Other than obtaining the representations and statements set forth in the Representation Letters, we have not independently verified any factual matters in connection with, or apart from, our preparation of this opinion. Accordingly, our opinion does not take into account any matters not set forth herein that might have been disclosed by independent verification. In the course of preparing our opinion, nothing has come to our attention that would lead us to believe that any of the facts, representations, or other information on which we have relied in rendering our opinion is incorrect.
Based on the foregoing, and subject to the assumptions, exceptions, limitations, and qualifications set forth herein, it is our opinion that the Exchange should be treated as a transfer of property to a corporation in exchange for shares qualifying for non-recognition of gain or loss under Section 351(a) of the Internal Revenue Code of 1986, as amended, as further described in the Registration Statement under the heading “Material U.S. Federal Income Tax Consequences — U.S. Holders — The Merger.”
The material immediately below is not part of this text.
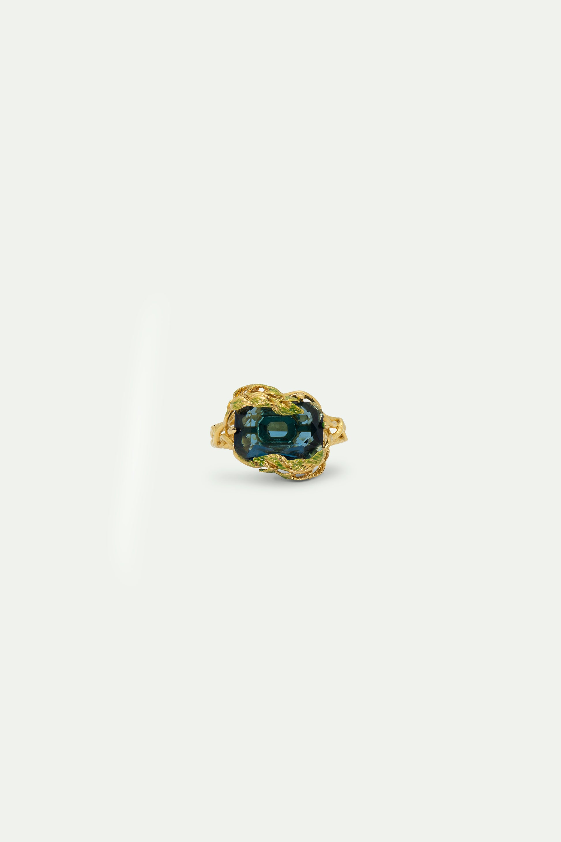 Cocktail ring adorned with a blue faceted crystal stone, surrounded by wisteria leaves. The setting is gold-plated. The flowers, resembling a cloud of butterflies, take on a soft blue hue and are a delight to bees.

Except as expressly set forth above, we express no other opinion. Our opinion is based on U.S. federal income tax laws in effect as of the date hereof. It represents our best legal judgment as to the matters addressed herein, but is not binding on the Internal Revenue Service or the courts. Accordingly, no assurance can be given that this opinion, if contested, would be sustained by a court. Furthermore, the authorities on which we rely are subject to change, either prospectively or retroactively, and any such change, or any variation or difference in the facts from those on which we rely and assume as correct, as set forth above, might affect the conclusions stated herein. By rendering this opinion, we undertake no responsibility to advise SPAC of any changes or new developments in U.S. federal income tax laws or the application or interpretation thereof.
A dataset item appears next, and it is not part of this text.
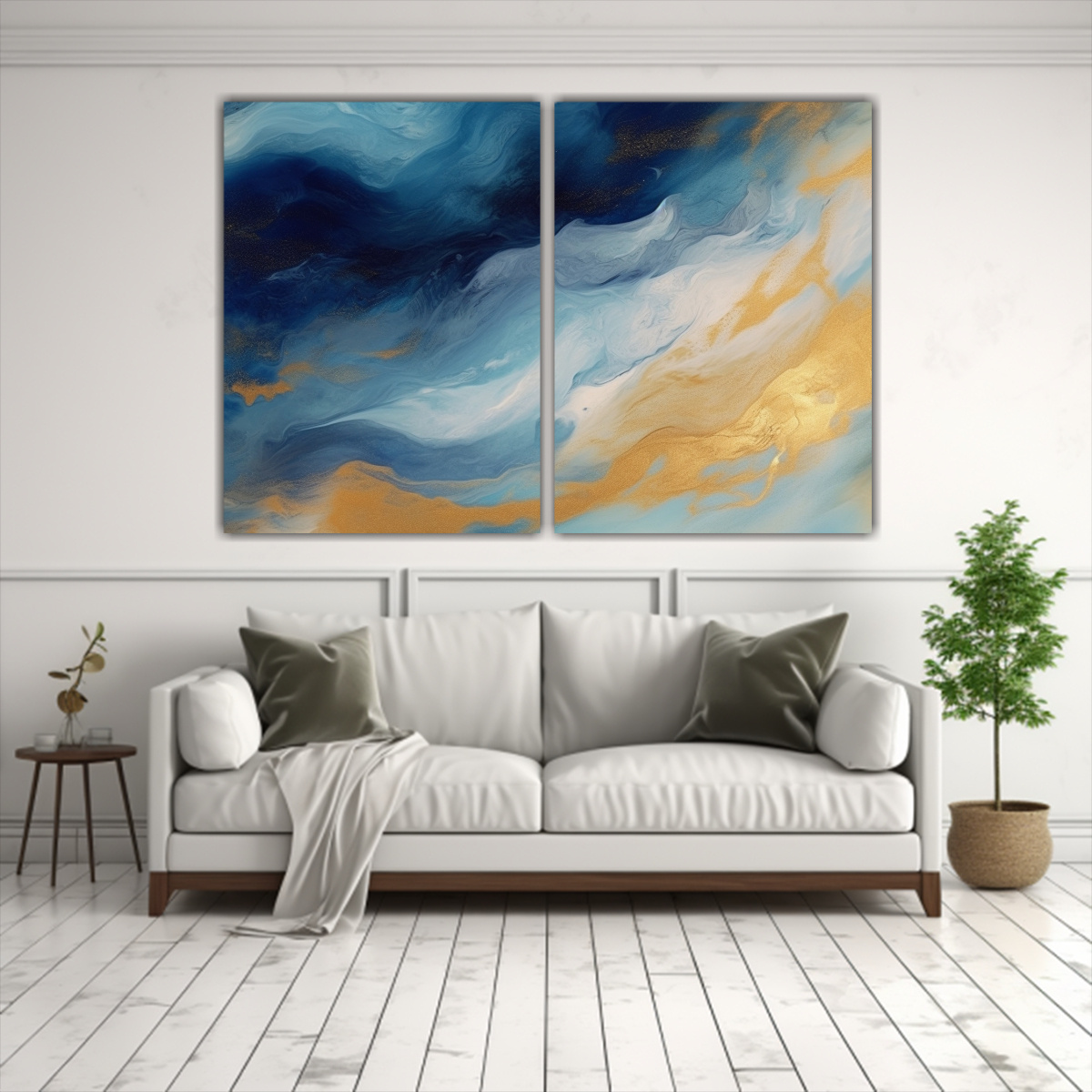 Cuadros Abstractos Dormitorio: Formas Orgánicas En Azul

This opinion has been prepared solely in connection with the Registration Statement and may not be relied upon for any other purpose without our prior written consent. We hereby consent to the filing of this opinion as Exhibit 8.1 to the Registration Statement. In giving such consent, we do not admit that we are in the category of persons whose consent is required under Section 7 of the Securities Act of 1933, as amended, or under the rules and regulations of the Securities and Exchange Commission.